# Wheat Beer With Honey



## Jye (26/9/05)

I am thinking of having a go at a wheat beer next weekend and would like comments/suggestions/changes to the recipe. One of the last kit brews I made was a wheat with 0.5kg honey and I really enjoyed it and now want to try an AG version.

Here is what I have in mind, would like to keep it fairly simple  

3.00 kg Pale Malt 
3.00 kg Torrified Wheat 
30.00 gm Goldings 60 min 
0.50 kg Honey 0 min
Wyeast 3944 ???

What would be the best way to mash the wheat, do I need rice hulls with this much wheat?

Cheers
Jye


----------



## roach (26/9/05)

Jye,
I did a wheat beer on the weekend with 60% JW wheat(3kg)and 40% wey pils. I didn't use any rice hulls and lautering was fine. I suspect it gets down to the quality of your crush and particular set up(I use a B3 false bottom). I would say go for it without rice hulls and then you will know how your system copes. If rice hulls are readily available then use em, otherwise don't bother, as you should be able to cope with it at 50/50 as per your recipe.

i would use malted wheat rather than torrified. not sure what effect torrified has??

as for the mash regime infuse mash at 68C, or better yet mash in at 64C and raise by infusion to 71C after 20 mins.

as for hops I would ditch the goldings and go for hallertau at 18IBU for 60mins.

roach


----------



## Jye (26/9/05)

Cheers Roach



> or better yet mash in at 64C and raise by infusion to 71C after 20 mins



Then hold it at 71C for 40 mins? and I batch sparge so I take it I would sparge at 75C as normal?

What yeast are you using?


----------



## roach (26/9/05)

Jye,
I used 3068(thanks Boots!)

Yes hold 71 for 40 mins. But having said that I was a bit rushed on Saturday and so for this one just did a single infusion at 68c.

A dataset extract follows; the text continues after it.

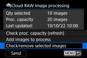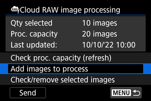 - Jeigu neįsigijote mokamos prenumeratos RAW vaizdams apdoroti debesyje, parinktyje [Proc. capacity/Apdorojimo pajėgumai] rodoma [0]. Informaciją apie prenumeratą gausite „image.canon“ nurodytu elektroninio pašto adresu, jeigu pasirinksite apdorojimo pajėgumus be prenumeratos.

Oh and a weizen expert suggested to me that if possible pitch yeast at 12c and let it rise slowly to 18 over 3 days. Or just ferment at 15 all the way through.

roach

oh and yep batch sparge as per normal


----------



## Brizbrew (26/9/05)

I am liking the sound of doing something similar myself. I tried Beez Neez on the weekend and thought it was a lovely refreshing summer drop, not a session type as it could get a tad sickly but very nice.


----------



## peas_and_corn (27/9/05)

Only half a kilo of honey?? I did a brew of wheat beer with honay and I put in a kilo (the batch was 23L), and it made the flavour of the honey come through- but it wasn't overpowering.


----------



## Jye (27/9/05)

> Oh and a weizen expert suggested to me that if possible pitch yeast at 12c and let it rise slowly to 18 over 3 days. Or just ferment at 15 all the way through.



Unfortunately I can not do this, no fermenting fridge yet. 

I went down to the HBS this morning but they didn't have any 3068 so some I got 3638, will see how it goes.

P&K, I have read a bit about people putting a kilo in so I will have to think about upping the honey.

Cheers


----------



## roach (27/9/05)

Jye,
Just make sure you try and keep the ferment at the bottom end of the temp range for the yeast.

cheers
roach


----------